TO DO: Please copy the listing that follows exactly, leaving out any pictures.

EXERCISE DATA:
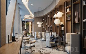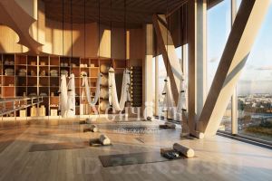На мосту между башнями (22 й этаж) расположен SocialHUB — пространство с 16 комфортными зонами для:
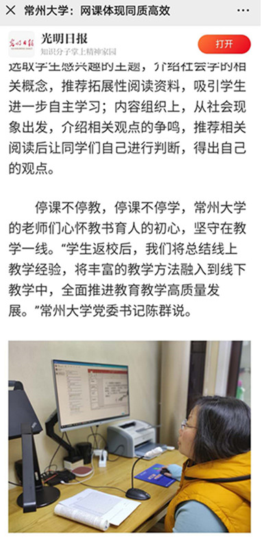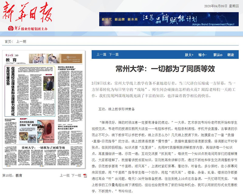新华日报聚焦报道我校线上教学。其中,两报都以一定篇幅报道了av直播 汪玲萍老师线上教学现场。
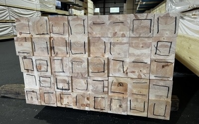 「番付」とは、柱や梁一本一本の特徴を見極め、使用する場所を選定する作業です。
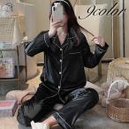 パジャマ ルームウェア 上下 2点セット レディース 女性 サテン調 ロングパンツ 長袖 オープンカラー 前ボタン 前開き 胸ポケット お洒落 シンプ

YOUR SOLUTION:
На мосту между башнями (22 й этаж) расположен SocialHUB — пространство с 16 комфортными зонами для:
新华日报聚焦报道我校线上教学。其中,两报都以一定篇幅报道了av直播 汪玲萍老师线上教学现场。
 「番付」とは、柱や梁一本一本の特徴を見極め、使用する場所を選定する作業です。
 パジャマ ルームウェア 上下 2点セット レディース 女性 サテン調 ロングパンツ 長袖 オープンカラー 前ボタン 前開き 胸ポケット お洒落 シンプ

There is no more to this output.